Der Blick auf das Publikum, dem die Werke von Paul Klee in mehr als fünf Jahrzehnten präsentiert wurden, zeigt, wer zu welchem Zeitpunkt welche Werke sehen konnte. Die Schilder auf den Rückseiten der Arbeiten geben Auskunft über Ausstellungen, in denen die Bilder gewesen sind. Aber sie berichten nicht nur über Reisen in ferne Länder, sondern auch über die politisch-diplomatische Aufgabe, die die Klee-Sammlung seit den 1960er Jahren zu erfüllen hatte. Nicht zufällig führte die erste Reise der Klee-Bilder 1966 in Museen nach Jerusalem und Tel-Aviv, um sich vorsichtig denen anzunähern, die Opfer des Nazi-Terrors gewesen waren. In den kommenden zwei Jahrzehnten war die Düsseldorfer Sammlung unter anderem in Australien und Indien, in Brasilien und Kanada, Japan oder Neuseeland ausgestellt.
Die Düsseldorfer Klee-Sammlung gibt einen unvergleichlichen Einblick in das Oeuvre dieses Künstlers. Dafür sorgte nicht nur das erste Konvolut an Werken, sondern auch die weiteren Erwerbungen seit den 1960er Jahren. Die Gemälde, Zeichnungen, Aquarelle und anderen farbigen Arbeiten vermitteln einen umfassenden Überblick in Klees nahezu unerschöpfliche Kreativität.
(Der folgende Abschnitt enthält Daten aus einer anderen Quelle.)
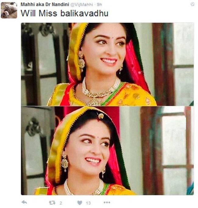 'बालिका वधू' की लीड एक्ट्रेस माही विज ने ट्वीट कर कहा, 'यह शो जल्द ही ऑफ एयर होने वाला है. अच्छी यादें, अच्छा शो, अच्छे लोग.' एक और
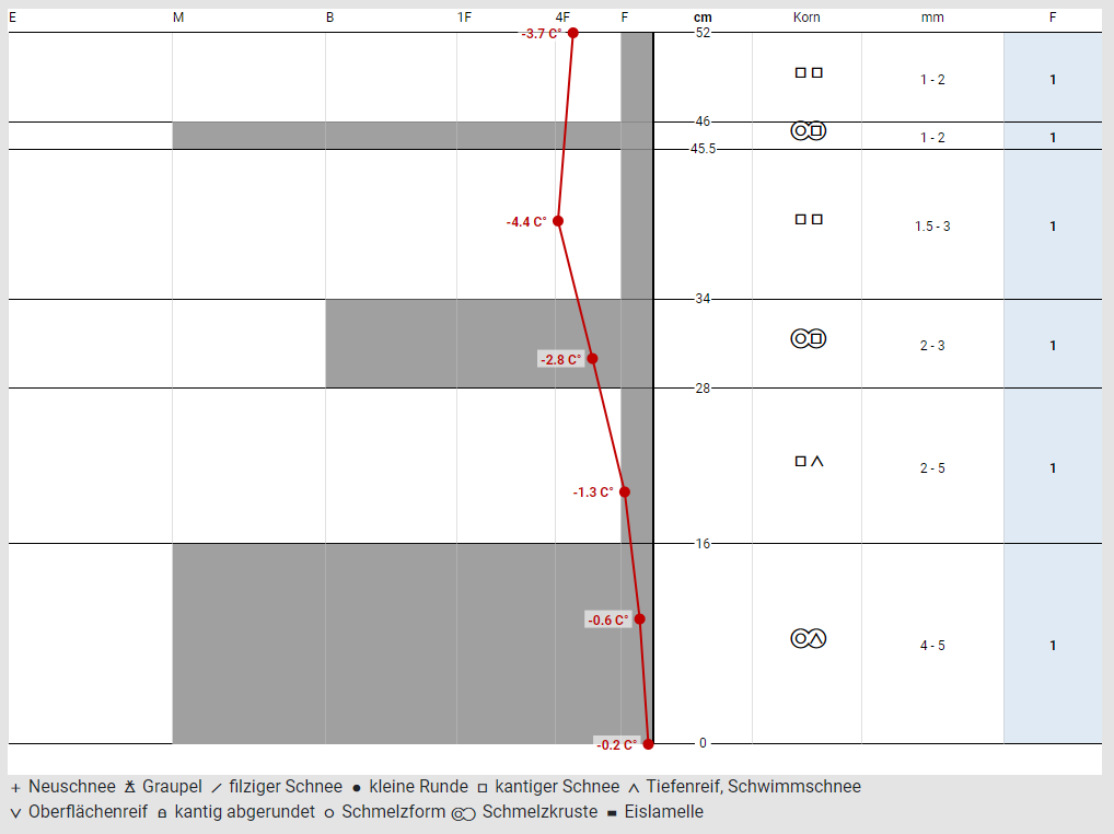 Nella parte inferiore del manto nevoso in molti punti si trovano grandi cristalli sfaccettati, a volte anche cristalli a calice. Vicino al terreno, a causa delle piogge di inizio dicembre e del successivo rigelo , questi cristalli hanno sviluppato una struttura simile ad una crosta in molti punti, ma cedono rapidamente quando vengono sollecitati.
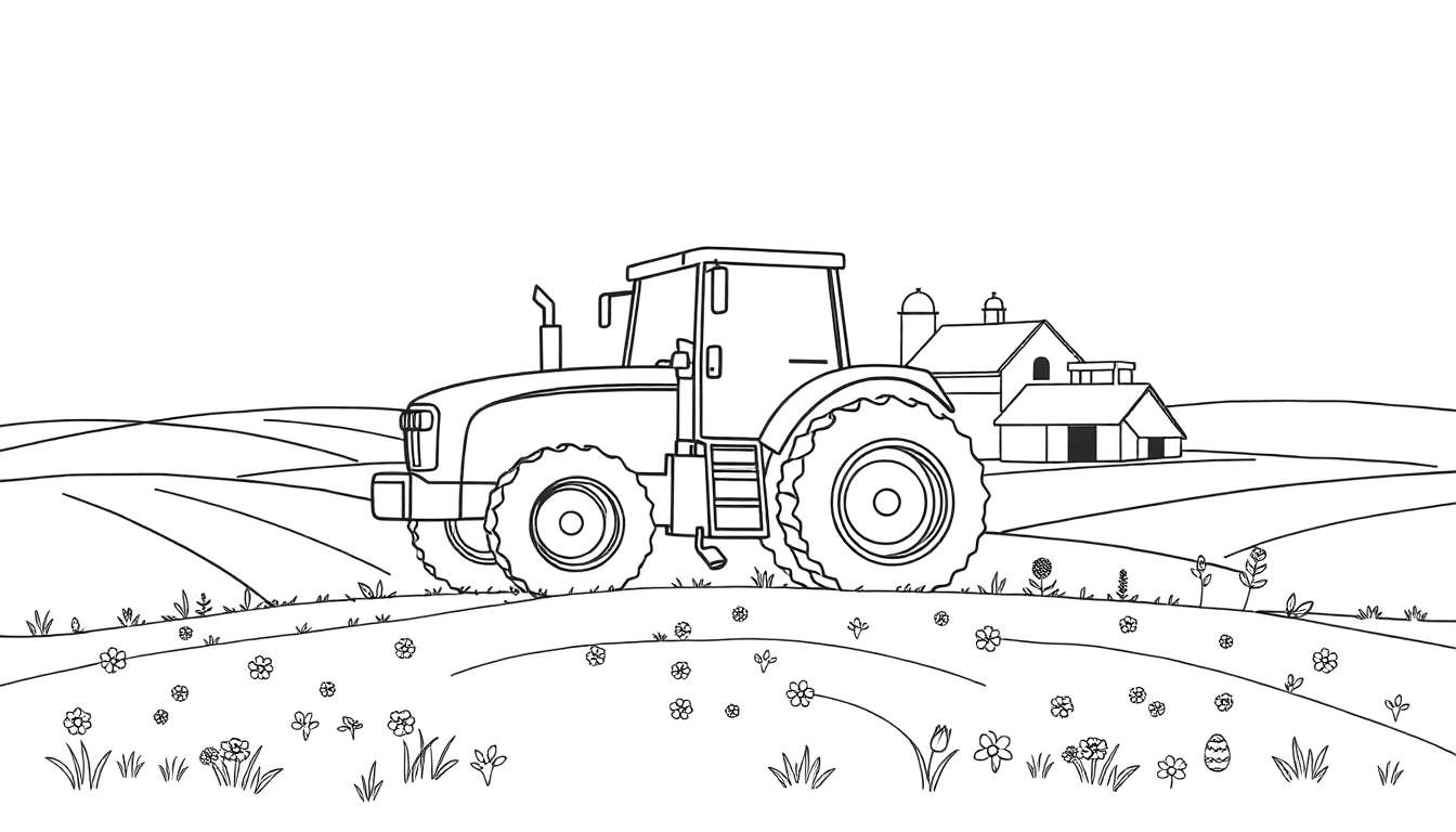 Een prachtige zwart-wit lijntekening van een rustig plattelandslandschap. In het midden pronkt een grote, moderne tractor op een glooiende weide. Op de achtergrond rijzen boerderijgebouwen, waaronder een schuur en twee silo’s, op uit een lichte verhoging. Het landschap wordt verder gesierd door glooiende heuvels en velden. De voorgrond en omgeving van de tractor zijn weelderig begroeid met gras en talrijke kleine bloemetjes. Als een vrolijke verrassing ligt er rechtsonder een versierd paasei tussen de bloemen, wat deze kleurplaat een feestelijk tintje geeft. Ideaal voor kinderen om in te kleuren en zich te vermaken.
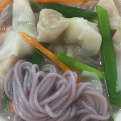 12. Boil the purple potato noodles in advance and scoop them out.Add the small fish wontons after they are cooked.Add some brightly colored vegetables.It’s delicious
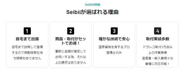 そのため、セイビーのサービスがお客さまに高い評価を得ています。顧客満足度は5点満点中4.8点(当社調べ)セイビーは国家資格を保有する整備士がご自宅や指定の場所までお伺いします。整備や点検、部品の取り付けもその場で実施するためお客さまが自動車を指定工場まで持ち込む必要もありません。仕事や育児、ご家族の介護などでお忙しい方の時間と手間を削減出来ます。 事前に金額を確定した後にお伺いします。料金についても明確にご提示しています。
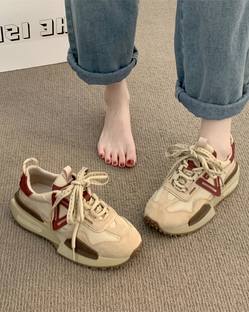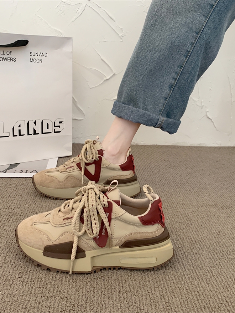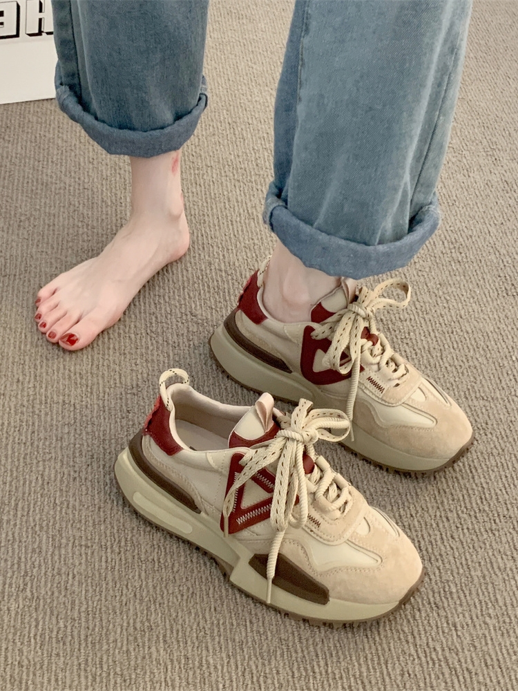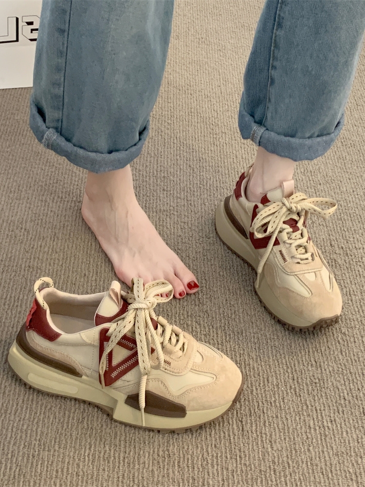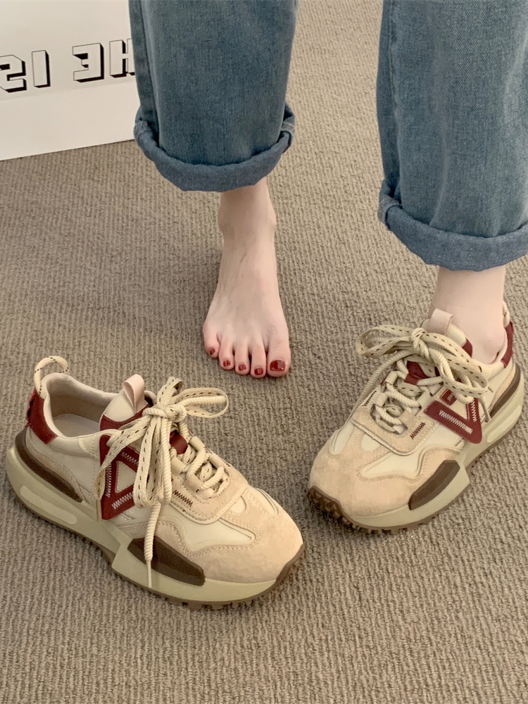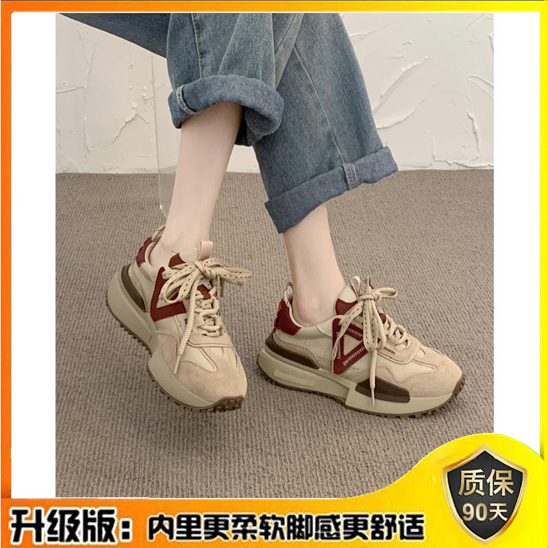 正品小众厚底德训鞋女2025春秋焦糖色华夫小蛮腰运动休闲老爹鞋

Der Künstler reflektiert sensibel und mit scharfem analytischem Blick die Ereignisse seiner Zeit und erschafft auf diese Weise einen künstlerischen Kosmos, in dem sich Tragikomik, Leichtigkeit, Ernst, Ironie, Spiel und Kalkül verbinden,“ stellt das bedeutende Museum seine Ausstellung vor.
Inhaltlich würde die Ausstellung ja eher ins K20 passen, da sie Kunst des 20. Jahrhunderts zeigt. Im K21 sind die Räumlichkeiten aber wesentlich angenehmer zur Kunst passend.
Ein Besuch lohnt sich hier auf jeden Fall. Nicht nur, weil es Paul Klee ist, also ein Künstler mit klangvollem Namen, den man schon kennen sollte. Der hier verfolgte kuratorische Ansatz ist durchaus beachtenswert. Schließlich werden nicht nur die Bilder gezeigt, sondern auch in leicht verständlicher Art und Weise viele nützliche Informationen geboten. Der Besucher bekommt also nicht nur Unterhaltung geboten, sondern nimmt auch einen Nutzen, einen Mehrwert in Form von vielen Informationen mit. Welcher kunstinteressierte Laie hätte sich sonst schon die Mühe gemacht, sie nachzuschlagen?